Key Facts
- Duration
- 1807–1813 (6 years)
- Capital
- Kassel
- First constitution in Germany
- French-style written constitution, 1807
- Jewish emancipation
- First German laws granting Jews equal rights, 1808
- Ruler
- Jérôme Bonaparte (Napoleon's brother)
Imperial Zenith Metrics
Historical Trajectory
Phase I: Rise
The Kingdom of Westphalia was created by Napoleon in 1807 as a French client state carved from territories in present-day Germany. Napoleon installed his younger brother Jérôme Bonaparte as king.

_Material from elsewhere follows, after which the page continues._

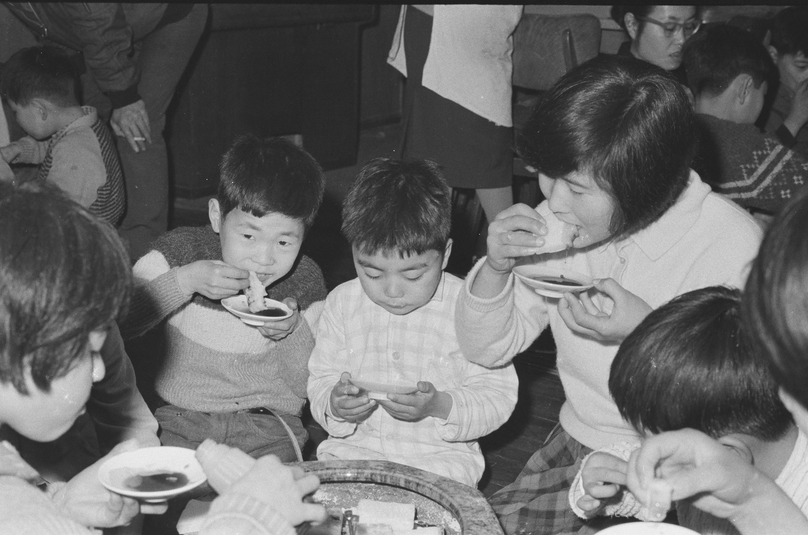 写真ショウガツニモチヲタベルコドモタチ

The kingdom was designed as a showcase for Napoleonic reforms, receiving a written constitution, centralized French-style administration, abolition of serfdom, equal civil rights for all citizens, and the right to trial by jury.
Phase II: Zenith
At its height, Westphalia served as a model for Napoleonic governance in German lands, enacting sweeping legal and social reforms. In 1808 it became the first German state to grant Jews full legal equality. The constitution and administrative structure replaced feudal institutions with modern centralized government, making Westphalia an influential example that shaped reform debates across the broader German-speaking world.
Phase III: Decline
Heavy French tax demands and military conscription drained the kingdom's finances, leaving it bankrupt by 1812. The catastrophic losses suffered in Napoleon's Russian campaign decimated Westphalian forces. As Allied armies advanced in 1813, the kingdom collapsed and was overrun. Most of its territories were absorbed into Prussia by 1815, though many of the civil and legal reforms introduced during its existence were retained.